Марио жил на Плезант-авеню, в симпатичном многоквартирном доме рядом с церковью. Джентрификация хоть и облагородила Эль Баррио, но стереть его прошлое не смогла. Шесть кварталов Плезант-авеню протянулись со 114-й по 120-ю улицы, к востоку от Первой авеню. Тот самый итальянский анклав, что изображен в «Крестном отце». Сцена, в которой Сонни Корлеоне нападает на Карло и оставляет его истекать кровью у открытого пожарного гидранта. Отношения между итальянцами и пуэрториканцами были напряженными.
Теперь все обстоит гораздо спокойнее, но время от времени проявляется какой-нибудь Марио Де Пума, и снова начинается вражда, потому что прошлое – оно как алюминиевые банки из-под консервов: подлежит переработке и вторичному использованию.
Мы поднялись и постучали в нужную дверь.
Открыл отец Марио. Не выпуская сигару изо рта, он мотнул головой, словно спрашивая: что надо? Отец Марио был более крупной и мощной версией самого Марио, с руками, как ящики из-под молочной тары. Такой тремя пальцами придушит. Волосатые костяшки походили на валуны в Центральном парке.
– Мистер Де Пума, – нервно заговорил я, – мой друг остался без руки, ее забрал ваш сын.
Отец Марио посмотрел на пустой рукав П. К.
Вынул сигару изо рта и захохотал, как Санта Клаус.
– Мы просто хотим вернуть руку, и все.
Я не понял, почему он смеется, но он не замолкал.
– Давай-ка начистоту. – Он говорил без итальянского акцента, какой изображают в голливудских фильмах, в голосе просто звучала отвратительная грубость. – Твой приятель подрался с Марио и не сумел постоять за себя? – Он снова захохотал. – И Марио забрал его сраный протез?

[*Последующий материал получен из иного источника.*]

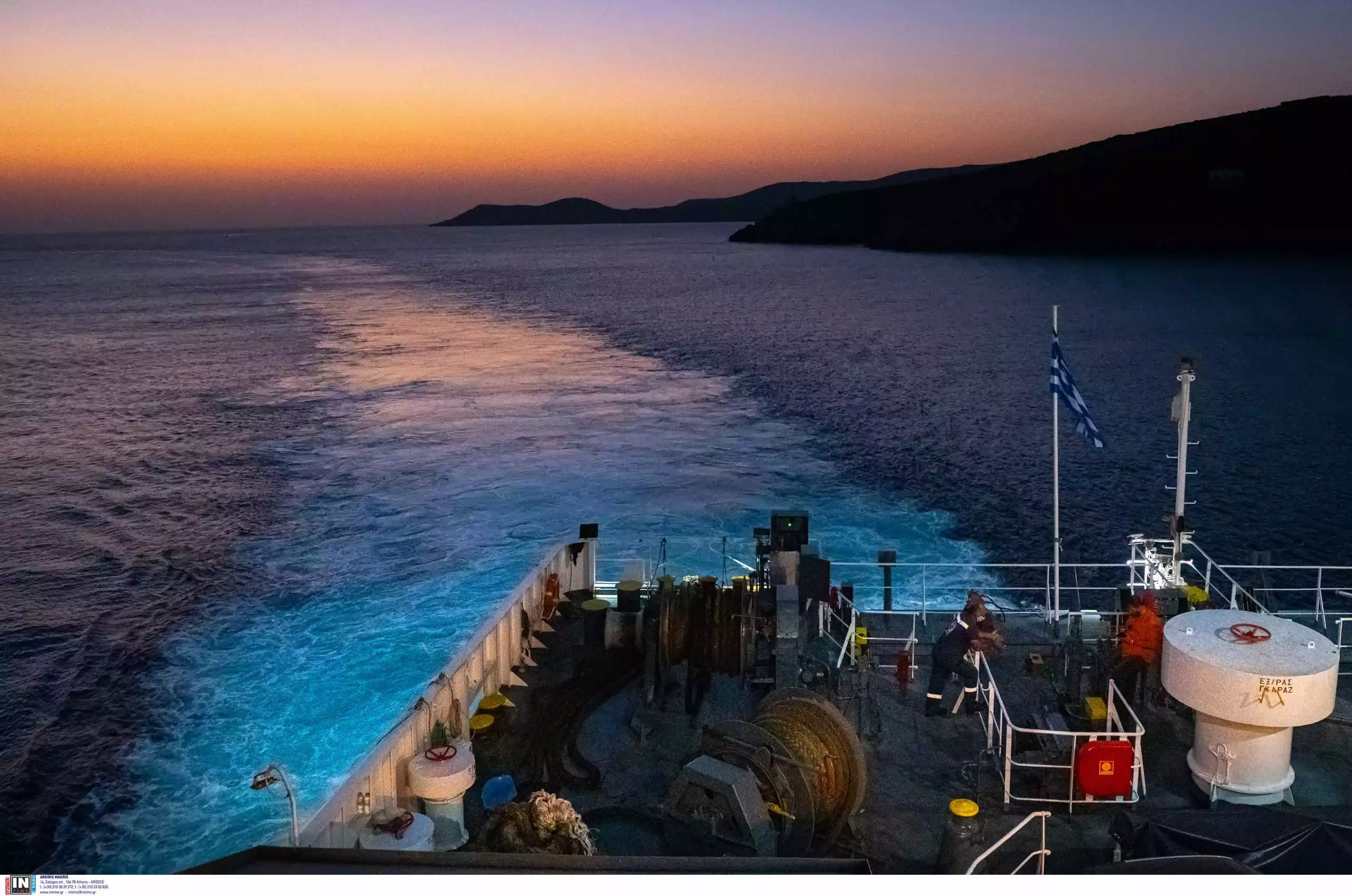Η δεξιά κύρια μηχανή του παρουσίασε βλάβη. Έτσι το ΙΟΝΙΣ πλέει με μειωμένη ταχύτητα προς το λιμάνι του Λαυρίου.

П. К. молчал как рыба. Я тоже.
– Ну и кто в этом виноват? – Отец Марио снова сунул сигару в рот. В открытую дверь я увидел гостиную, где у гладильной доски стояла толстая женщина. На стенах висели фотографии ее детей. Был там и Марио – маленький мальчик в матросском костюмчике, он гонялся за утками в Центральном парке. Ничто в нем не указывало, в какого бугая он превратится потом. Еще на стенах висели распятие, фотографии Марлона Брандо, Синатры и Ди Маджио, а также снимок Папы.

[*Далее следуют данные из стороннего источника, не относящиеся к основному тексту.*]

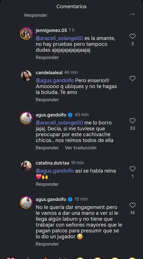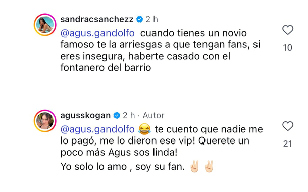 Horas más tarde, Gandolfo bajó un poco el tono y publicó otra historia: “Volvemos a la transmisión normal. Ya cada uno en su lugar jajaja. Disculpando por ser tan atrevida. Yo las amo igual, son tremendas”. Kogan, lejos de enojarse, respondió con humor y aclaración: “Te cuento que nadie me lo pagó, me lo dieron ese VIP. Querete un poco más Agus, sos linda! Yo solo lo amo, soy su fan”.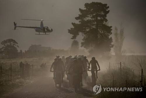 epa09533895 Professional elite riders race in the early morning light during Stage 3 of the 2021 Absa Cape Epic mountain bike race over 91km including 2,100m of climbing, near Saronsberg, South Africa, 20 October 2021. This years event sees 600 riders tackle 620km over eight days of riding and 15,350m of vertical ascent. The race includes UCI pro riders and amateurs in what is seen by many as the premier MTB stage race in the world. EPA/KIM LUDBROOK

Толстая женщина на минуту отвлеклась от утюга и спросила:
– Рука? Какая еще рука? Чья рука? Что – рука? – после чего продолжила гладить. Отец Марио обернулся к ней и рассказал, что произошло.
Тяжеловесная женщина не рассмеялась. Продолжая гладить, она пожала плечами.
– Ну так отдай ему эту руку.
– Нет-нет, погоди-ка, сначала я задам этим парням один вопрос. – Отец Марио снова повернулся к нам. – Потому что Марио – мужчина, и я горжусь моим мальчиком. Марио – настоящий мужчина. – Он оглядел нас с П. К. – Но мы же здесь все мужчины, верно?
Кивнул в ответ только я. П. К. начал как-то линять, унижение становилось все более чувствительным.